**Dataset records:**
━━━━
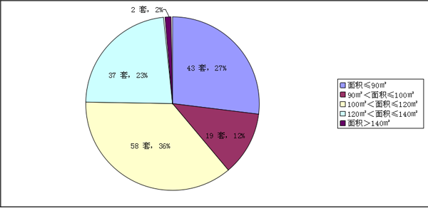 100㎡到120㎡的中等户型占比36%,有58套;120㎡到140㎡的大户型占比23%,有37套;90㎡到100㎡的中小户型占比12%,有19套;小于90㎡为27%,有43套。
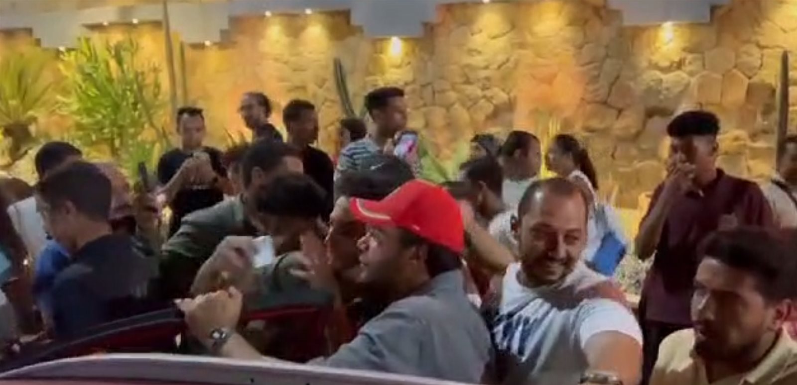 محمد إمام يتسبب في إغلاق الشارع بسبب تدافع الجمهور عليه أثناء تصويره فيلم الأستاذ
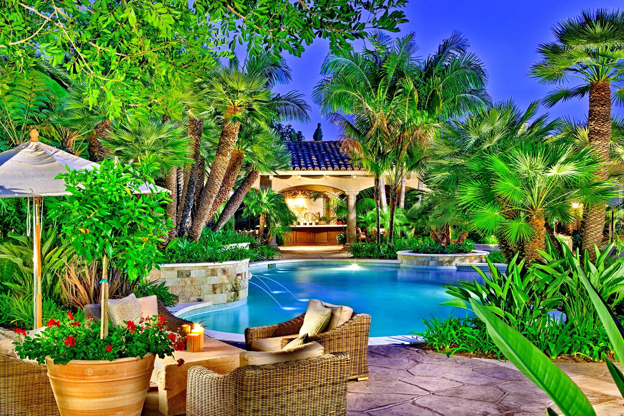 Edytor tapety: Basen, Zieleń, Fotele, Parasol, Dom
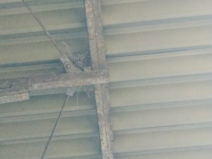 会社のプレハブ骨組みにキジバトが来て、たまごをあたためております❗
━━━━
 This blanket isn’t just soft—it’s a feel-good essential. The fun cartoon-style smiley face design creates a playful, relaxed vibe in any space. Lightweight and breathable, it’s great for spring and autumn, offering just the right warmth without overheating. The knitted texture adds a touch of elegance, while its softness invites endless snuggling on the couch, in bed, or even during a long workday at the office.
━━━━
**Problem to solve:**
In the records above, everything from the line with "100㎡到120㎡的中等户型" down to the line with "会社のプレハブ骨組みにキジバトが来て、たまごをあたためております❗" is to be set down exactly, both ends included, with no pictures and no other lines.

**Task output:**
 100㎡到120㎡的中等户型占比36%,有58套;120㎡到140㎡的大户型占比23%,有37套;90㎡到100㎡的中小户型占比12%,有19套;小于90㎡为27%,有43套。
 محمد إمام يتسبب في إغلاق الشارع بسبب تدافع الجمهور عليه أثناء تصويره فيلم الأستاذ
 Edytor tapety: Basen, Zieleń, Fotele, Parasol, Dom
 会社のプレハブ骨組みにキジバトが来て、たまごをあたためております❗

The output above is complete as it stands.